SUPPLIED INFORMATION –
[Start of Attachment]

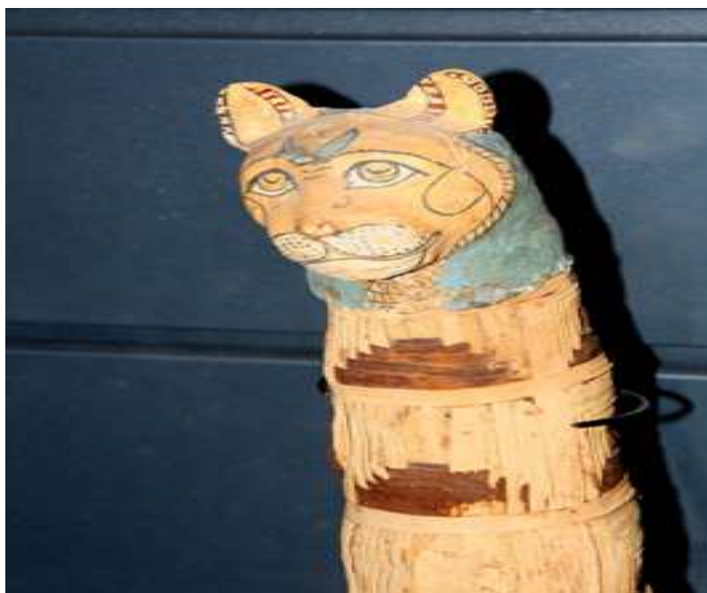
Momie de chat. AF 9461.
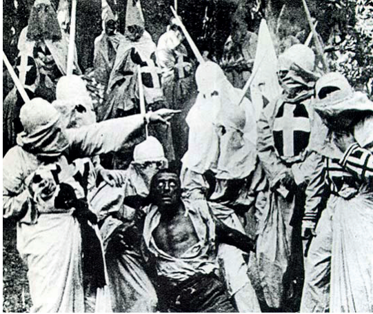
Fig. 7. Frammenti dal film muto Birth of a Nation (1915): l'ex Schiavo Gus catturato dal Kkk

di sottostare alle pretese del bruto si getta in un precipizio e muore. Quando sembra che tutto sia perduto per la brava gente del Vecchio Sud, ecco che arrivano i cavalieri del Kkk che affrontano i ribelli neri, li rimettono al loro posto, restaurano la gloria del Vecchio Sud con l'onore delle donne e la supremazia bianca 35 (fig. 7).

[End of Attachment]

WHAT YOU HAVE TO DO – Set down no line except those from the one with "Fig. 7. Frammenti" to the last line of the data, inclusive, each exactly as written.

TASK SOLUTION –
Fig. 7. Frammenti dal film muto Birth of a Nation (1915): l'ex Schiavo Gus catturato dal Kkk

di sottostare alle pretese del bruto si getta in un precipizio e muore. Quando sembra che tutto sia perduto per la brava gente del Vecchio Sud, ecco che arrivano i cavalieri del Kkk che affrontano i ribelli neri, li rimettono al loro posto, restaurano la gloria del Vecchio Sud con l'onore delle donne e la supremazia bianca 35 (fig. 7).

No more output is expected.